I am in a hurry now but let me tell what I think. I believe that in the critical strip and off the real axis $\prod_p (1-p^{-s})$ does not converge to any complex number (including zero). Using a similar idea as in my response to your related earlier question, this boils down to the fact that for any nonzero constants $c_1,\dots,c_n$ the sum $\sum_{m=1}^n c_m \sum_{p\in P}p^{-ms}$ oscillates wildly as $P\to\infty$. I dont's see this immediately, but I believe what happens is that the oscillation (or divergence) behavior of the inner sum depends heavily on $m$. More precisely, I believe that for $m=1$ you get a much wilder behavior than for the rest $m>1$. So altogether the above double sum inherits the behavior of $m=1$, namely the existence of very large partial sums for infinitely many $P$'s, and this prevents convergence or a tendency to pointing in special directions. I apologize if this is too vague, but certainly more than a comment.

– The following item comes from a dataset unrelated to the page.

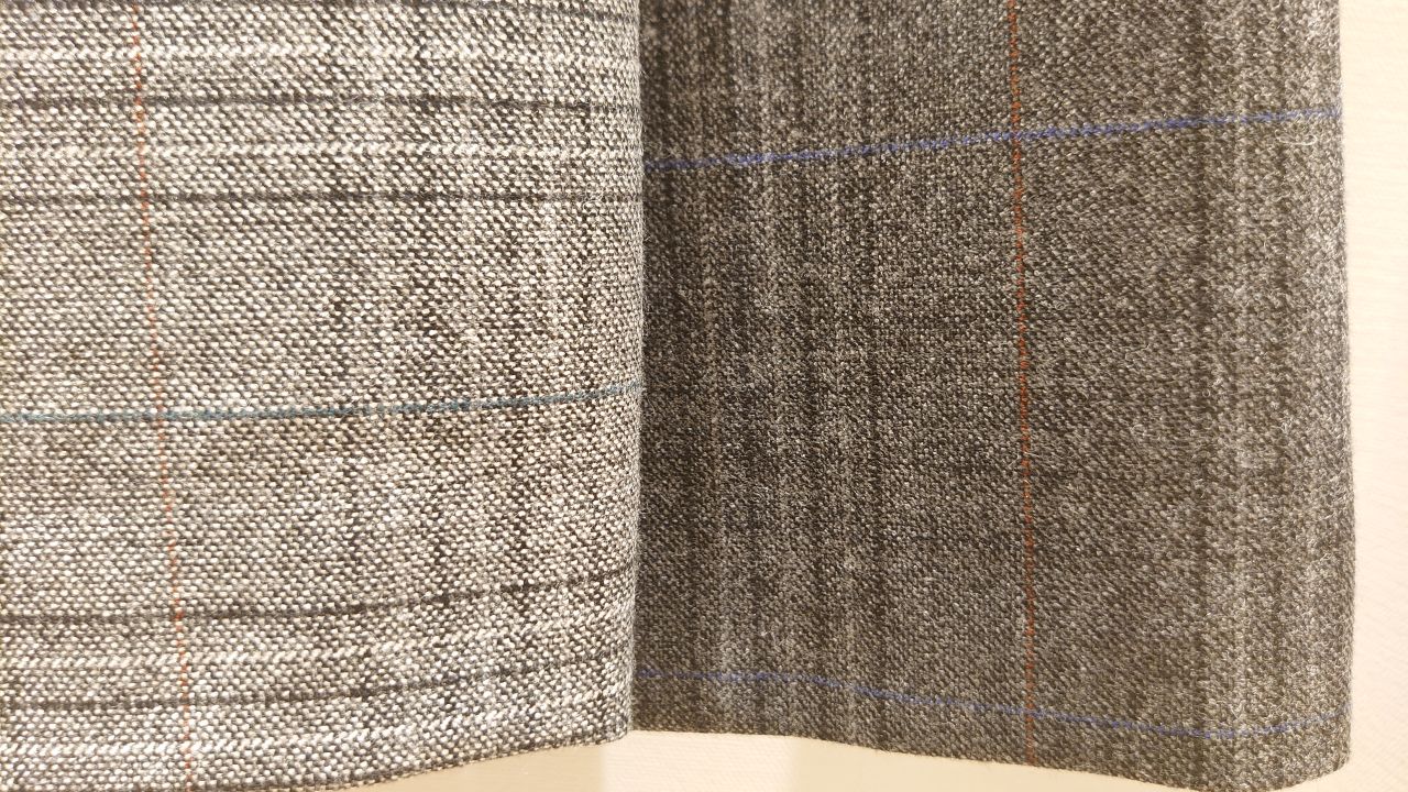 ウール混素材パンツでどちらもオレンジとブルーのラインが入ってますので暖かみのある落ち着いた印象になります♪

EDIT 1: David Speyer showed that in the critical strip $\prod_p (1-p^{-s})$ does not converge to any nonzero complex number, see here. I believe that my approach above can also be made to work and yield more information. Perhaps the Riemann Hypothesis can be of great assistance here as $\sum_{p\in P}p^{-s}$ is very subtle. Note that for $\mathrm{Re}(s)=1$ and $s\neq 1$ the Euler product does converge to $\zeta(s)$, see Section 3.15 in Titchmarsh: The Theory of the Riemann Zeta-function.

EDIT 2: In my response to this question, I outline the proof that, assuming the Riemann Hypothesis, the partial products of $\prod_p (1-p^{-s})$ get arbitrary close to $0$ and $\infty$, at least for $\frac{1}{2}<\mathrm{Re}(s)<1$. I don't see any fundamental difficulty in extending this to $\mathrm{Re}(s)=\frac{1}{2}$.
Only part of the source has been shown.